→ **Available data**:
####################
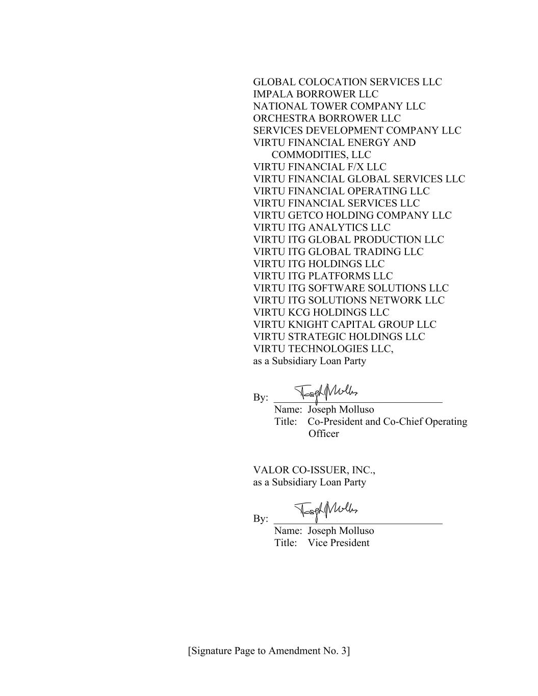 [Signature Page to Amendment No. 3] GLOBAL COLOCATION SERVICES LLC IMPALA BORROWER LLC NATIONAL TOWER COMPANY LLC ORCHESTRA BORROWER LLC SERVICES DEVELOPMENT COMPANY LLC VIRTU FINANCIAL ENERGY AND COMMODITIES, LLC VIRTU FINANCIAL F/X LLC VIRTU FINANCIAL GLOBAL SERVICES LLC VIRTU FINANCIAL OPERATING LLC VIRTU FINANCIAL SERVICES LLC VIRTU GETCO HOLDING COMPANY LLC VIRTU ITG ANALYTICS LLC VIRTU ITG GLOBAL PRODUCTION LLC VIRTU ITG GLOBAL TRADING LLC VIRTU ITG HOLDINGS LLC VIRTU ITG PLATFORMS LLC VIRTU ITG SOFTWARE SOLUTIONS LLC VIRTU ITG SOLUTIONS NETWORK LLC VIRTU KCG HOLDINGS LLC VIRTU KNIGHT CAPITAL GROUP LLC VIRTU STRATEGIC HOLDINGS LLC VIRTU TECHNOLOGIES LLC, as a Subsidiary Loan Party By: ________________________________ Name: Joseph Molluso Title: Co-President and Co-Chief Operating Officer VALOR CO-ISSUER, INC., as a Subsidiary Loan Party By: ________________________________ Name: Joseph Molluso Title: Vice President
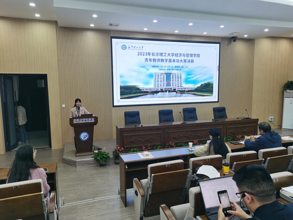 12月14日,经管学院在经管大楼100报告厅举办了2023年青年教师教学基本功赛院级决赛。比赛由副院长刘坚主持,三名省内知名的教学竞赛专家参与评审。根据学校要求,本次决赛前已进行了院级初赛,学院所有符合参赛条件的青年教师均积极参加。经网审评委的评定,院级初赛前6名优秀青年教师参加了本次院级决赛。
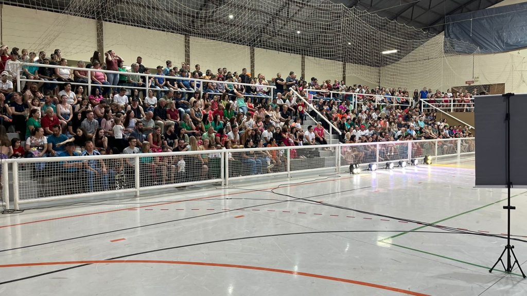Casa cheia para as apresentações e receber o Papai e Mamãe Noel (Foto: Belos FM)
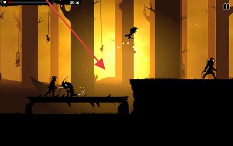 2、阳光森林场景,角色遭遇敌人(如持械者),空中有飞龙,限时(50m)闯关,利用地形(木桥)战斗,延续剪影画风。
####################
→ **What is required**: The lines above should be transcribed exactly, with every image removed.

→ **Solved problem**:
 [Signature Page to Amendment No. 3] GLOBAL COLOCATION SERVICES LLC IMPALA BORROWER LLC NATIONAL TOWER COMPANY LLC ORCHESTRA BORROWER LLC SERVICES DEVELOPMENT COMPANY LLC VIRTU FINANCIAL ENERGY AND COMMODITIES, LLC VIRTU FINANCIAL F/X LLC VIRTU FINANCIAL GLOBAL SERVICES LLC VIRTU FINANCIAL OPERATING LLC VIRTU FINANCIAL SERVICES LLC VIRTU GETCO HOLDING COMPANY LLC VIRTU ITG ANALYTICS LLC VIRTU ITG GLOBAL PRODUCTION LLC VIRTU ITG GLOBAL TRADING LLC VIRTU ITG HOLDINGS LLC VIRTU ITG PLATFORMS LLC VIRTU ITG SOFTWARE SOLUTIONS LLC VIRTU ITG SOLUTIONS NETWORK LLC VIRTU KCG HOLDINGS LLC VIRTU KNIGHT CAPITAL GROUP LLC VIRTU STRATEGIC HOLDINGS LLC VIRTU TECHNOLOGIES LLC, as a Subsidiary Loan Party By: ________________________________ Name: Joseph Molluso Title: Co-President and Co-Chief Operating Officer VALOR CO-ISSUER, INC., as a Subsidiary Loan Party By: ________________________________ Name: Joseph Molluso Title: Vice President
 12月14日,经管学院在经管大楼100报告厅举办了2023年青年教师教学基本功赛院级决赛。比赛由副院长刘坚主持,三名省内知名的教学竞赛专家参与评审。根据学校要求,本次决赛前已进行了院级初赛,学院所有符合参赛条件的青年教师均积极参加。经网审评委的评定,院级初赛前6名优秀青年教师参加了本次院级决赛。
Casa cheia para as apresentações e receber o Papai e Mamãe Noel (Foto: Belos FM)
 2、阳光森林场景,角色遭遇敌人(如持械者),空中有飞龙,限时(50m)闯关,利用地形(木桥)战斗,延续剪影画风。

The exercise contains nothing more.